CHAPTER 21 (continued)

The summer-house of which Mr Quilp had spoken was a rugged wooden box, rotten and bare to see, which overhung the river's mud, and threatened to slide down into it. The tavern to which it belonged was a crazy building, sapped and undermined by the rats, and only upheld by great bars of wood which were reared against its walls, and had propped it up so long that even they were decaying and yielding with their load, and of a windy night might be heard to creak and crack as if the whole fabric were about to come toppling down. The house stood--if anything so old and feeble could be said to stand--on a piece of waste ground, blighted with the unwholesome smoke of factory chimneys, and echoing the clank of iron wheels and rush of troubled water. Its internal accommodations amply fulfilled the promise of the outside. The rooms were low and damp, the clammy walls were pierced with chinks and holes, the rotten floors had sunk from their level, the very beams started from their places and warned the timid stranger from their neighbourhood.

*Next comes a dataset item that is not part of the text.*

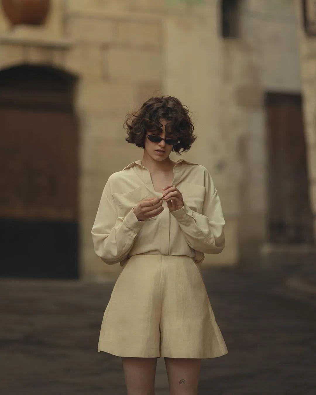 A字短褲除了常規款式以外,著重強調高腰系帶的紙袋褲設計也比較常見。紙袋褲自帶文藝干凈的氣質,所以非常建議大家 優先選擇清淺色系或日系卡其褲里常見的色系,比如白色、卡其棕、淺駝等。

To this inviting spot, entreating him to observe its beauties as they passed along, Mr Quilp led Richard Swiveller, and on the table of the summer-house, scored deep with many a gallows and initial letter, there soon appeared a wooden keg, full of the vaunted liquor. Drawing it off into the glasses with the skill of a practised hand, and mixing it with about a third part of water, Mr Quilp assigned to Richard Swiveller his portion, and lighting his pipe from an end of a candle in a very old and battered lantern, drew himself together upon a seat and puffed away.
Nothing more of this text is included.